Akane Otani and Christopher Whittall of The Wall Street Journal had the news:
The rebound of the tech-heavy Nasdaq, combined with the broader market milestones, was an encouraging sign to analysts who had worried about the durability of stock-market gains built on relatively safe trades.
After outpacing other major indexes for the past four years, the Nasdaq has lagged its peers in 2016, as investors piled into high-dividend sectors like utilities while pulling out of shares of tech and health-care companies. Investors tend to turn to the former, considered bond proxies, when they are uncertain about economic growth.
“As the environment looks less scary, it makes sense to go after what was perceived as being these riskier, growth-oriented stocks,” said Karyn Cavanaugh, senior market strategist at Voya Investment Management. “Once people think there’s a little less risk, they’ll go pay for these growth stocks.”
On Tuesday, the Dow industrials rose 121 points, or 0.7%, to 18348 to climb past its previous closing record of 18312.39 set May 19, 2015. The blue-chip index hit six records last year, 38 in 2014 and 52 in 2013, after five years without one.

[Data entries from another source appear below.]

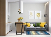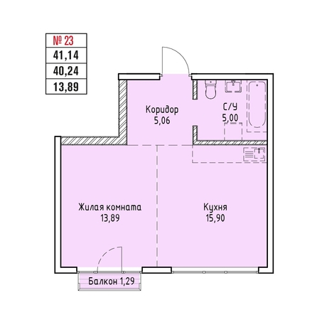 Классическая однокомнатная квартира с двумя окнами, одно из которых — на отдельной кухне. Имеет открытую планировку без перегородок. Расположение окон на юго-восток. В некоторых квартирах (на 4, 6, 8, 10, 12, 14 и 16 этажах) предусмотрен выход на небольшой французский балкон. В холле предусмотрено место для установки гардеробного шкафа-купе. Санузел совмещён. Идеальное решение для первого жилья или в качестве инвестиций.
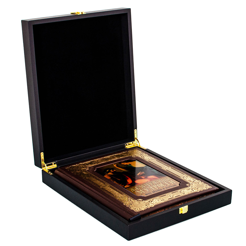 Дизайн прекрасно сочетает в себе золотое и блинтовое тиснение, художественную металлическую вставку, соответствующую тематике издания, а также крашенный в тон переплетного материала обрез. Цельнокожаный переплет ручной работы. Высококачественная бумага, красочные иллюстрации, ляссе.
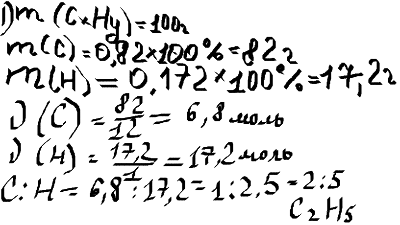 Массовые доли элементов в соединении составляют углерода 82,8 %, водорода 17,2 %. Относительная плотность паров этого вещества по водороду равна 29Ю Найти формулу этого соединения))) ПОМОгИТЕ)))
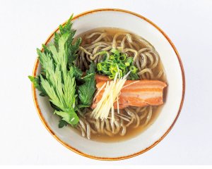 イチオシは生地にフーチバー(ニシヨモギ)の葉を練り込んだ、一日30食限定の「ふーちばーそば」。トッピングの三枚肉はプルプルとやわらかく、しっとり。店主は「人生は一度きりだから」と脱サラ後、すべて独学で開業した。
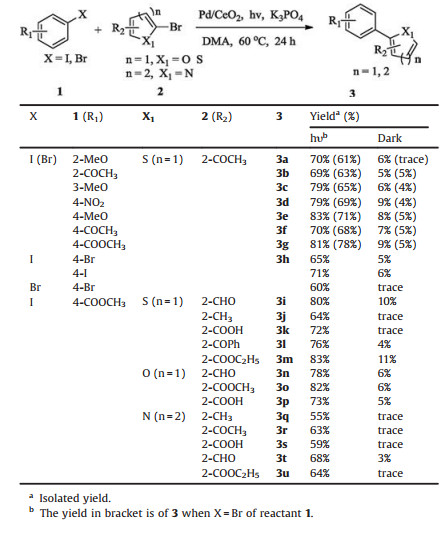In summary, we have developed a novel and environmental benign process for the synthesis of asymmetrical heterobiaryls through cross-coupling by using the visible-light-mediated catalyst Pd/CeO2. In contrast to previous work, the tolerances of substrates are good. Moreover, further studies on the application of recycle photochemical based on earth abundant metals for other organic transformations in progress in our laboratory
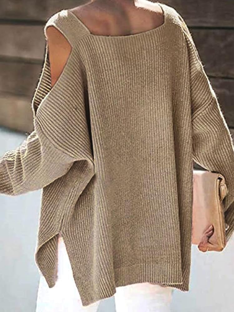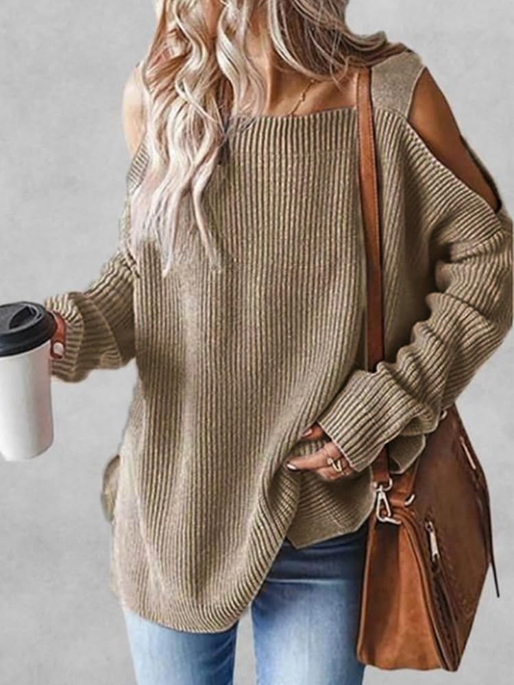 [Unique Design]:The cold shoulder and square neck designs offer the sweater a fashionable appearance. The long sleeves pullover with solid color can bring a touch of warmth to autumn.
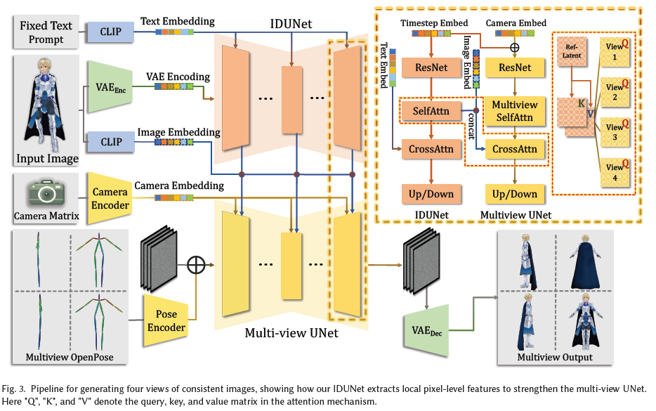 그림 3은 일관된 이미지의 네 가지 뷰를 생성하는 파이프라인을 보여주며, IDUNet이 로컬 픽셀 수준의 기능을 추출하여 멀티뷰 UNet을 강화하는 방법을 설명합니다. 여기서 "Q", "K" 및 "V"는 주의 메커니즘의 쿼리, 키 및 값 행렬을 나타냅니다.
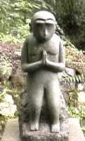 馬返しの鳥居の左右に猿の石造がある。富士山には猿がいないと言われているので、な ぜ猿なのか良く分からないが、浅間神社では申(さる)の日が祭日となっている、また、「山岳を身体とする神様の”お使い”としてふさわしい」(岩科著「富士講の歴史」)ので猿を山人として山門に配しているのではないかと言われている。上の登山道を見上げると木の茂みに入るような感触をもつ。ここまでは山道と言うより丘を登る感じで緩やかだった。それだけに馬返しから突然急な上りになる。昔はここまで草原だったようだ。現在は高い木々が視界をさえぎっている。それでも鳥居の近くから後を振り返ると林越しに三つ峠が見える。いよいよ富士登山開始だと感じる。馬返しから800m程度で鈴原神社に着く。1合目だ。この間はかなり急で直線的な上りになっている。その上斜面を掘り下げて道路を作ったようで、道の両側は掘ったままの細かい砂礫の斜面が露出しているので、雨が降ると砂礫はぼろぼろと路面に落ちてくる。また、もともとそのような地質なので雨が降ると路面がえぐられて歩くのも大変な悪路になる。要所に浸透枡が作られ雨水の対策が施されているが、路肩の斜面はそのままなので時間がたつと砂礫が流れて埋まってしまいそうである。
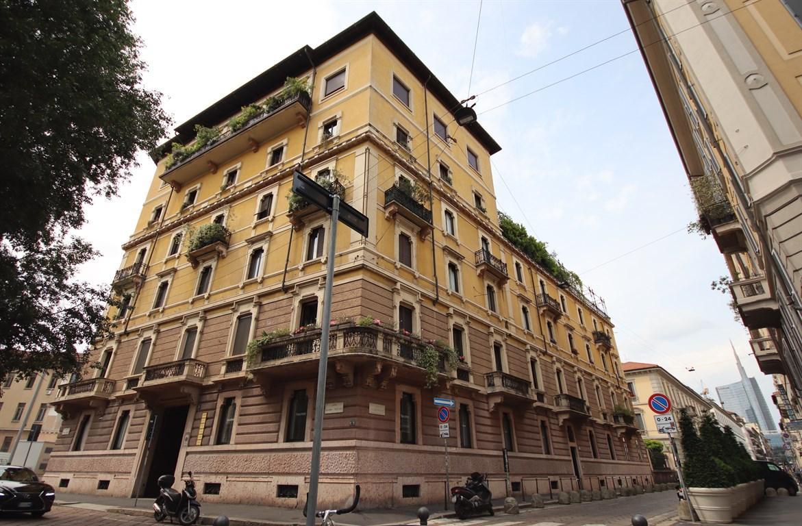 MILANO BRERA - In una delle zona più ricercate di Milano, a pochi passi dalla metropolitana MM2 fermata Moscova, proponiamo in locazione splendido attico con vista sulla skyline di Milano. Posto al quinto ed ultimo piano di un prestigioso palazzo d´epoca con finiture artistiche, con servizio di portierato. Ampio ingresso, salone luminosissimo con terrazzino affacciato su Largo Treves, cucina completamente arredata, camera matrimoniale con bagno padronale, due camere da letto con un ulteriore bagno. Riscaldamento centralizzato e climatizzato. Le spese condominiali mensili ammontano indicativamente a 260 euro. C.E. D- IPE 142,71 kWh/m2a
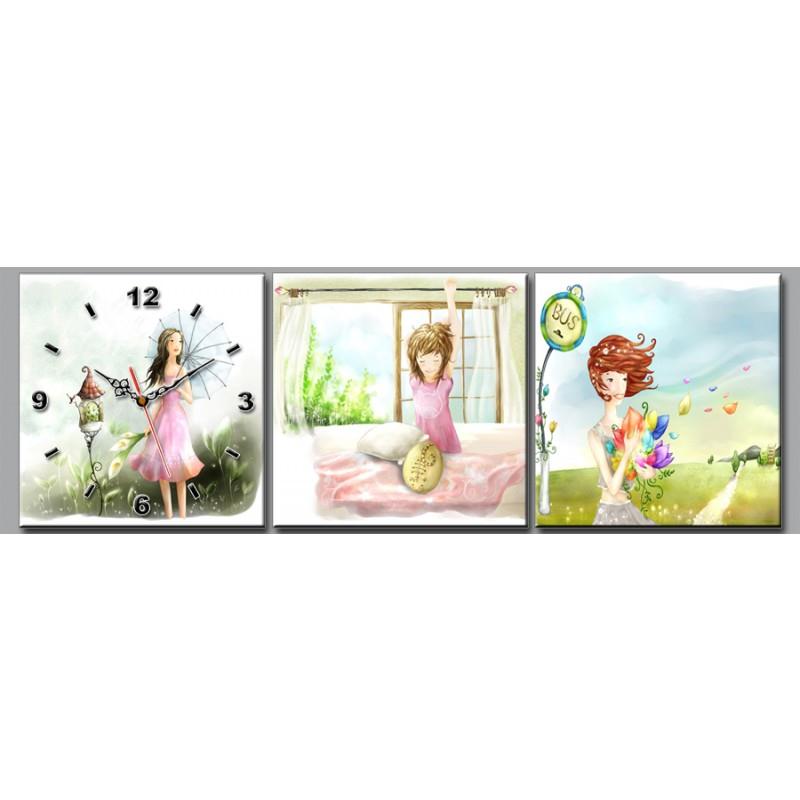 Tranh đồng hồ 3 tấm hoạt hình DH393A (kích thước 90x30cm)

Rodrigo Campos of Reuters noted that cyclical stocks boosted the market:
Cyclical sectors like technology, materials and energy posted the largest gains on the S&P, backed by the view that the U.S. economy, despite a slow start to the year, is on solid footing.
Cyclicals are seen taking the lead in stocks for the rest of the year after utilities, telecoms and consumer staples led the way in the first half.
“We believe earnings in the U.S. and GDP growth bottomed in the first quarter. If that is the case, stocks should continue on at least another 5-percent gain from here this year,” said Paul Zemsky, chief investment officer, Multi-Asset Strategies and Solutions at Voya Investment Management in New York.
Earnings of S&P 500 companies are estimated to have fallen 5 percent in the second quarter, matching the drop in the first three months of the year, but a typical number of profit beats would leave the first quarter as the bottom of the earnings contraction.
Shreya Agarwal of Forbes wrote that oil prices also rose on Tuesday:
Energy, financials, and materials stocks led the day’s gains, while safety plays like utilities and consumer staples lagged. The 10-year Treasury yield rose to 1.52%, its highest level in two weeks as bond prices fell.
Oil prices surged 4.2% to $46.6 a barrel on expectations that U.S. crude stockpiles would show an eighth straight week of declines in trade data due out Wednesday.
Amazon surged briefly to a record high Tuesday morning as shoppers scoured its ‘Prime Day’ sales, but the shares surrendered those levels amid reports that some customers experienced trouble checking out on the dominant e-commerce site.
Automaker Tesla Motors TSLA -0.02% is reportedly being scrutinized by the SEC over a potential lack of disclosure surrounding a fatal May crash involving its autonomous driving technology. Shares of Tesla posted narrow losses Tuesday.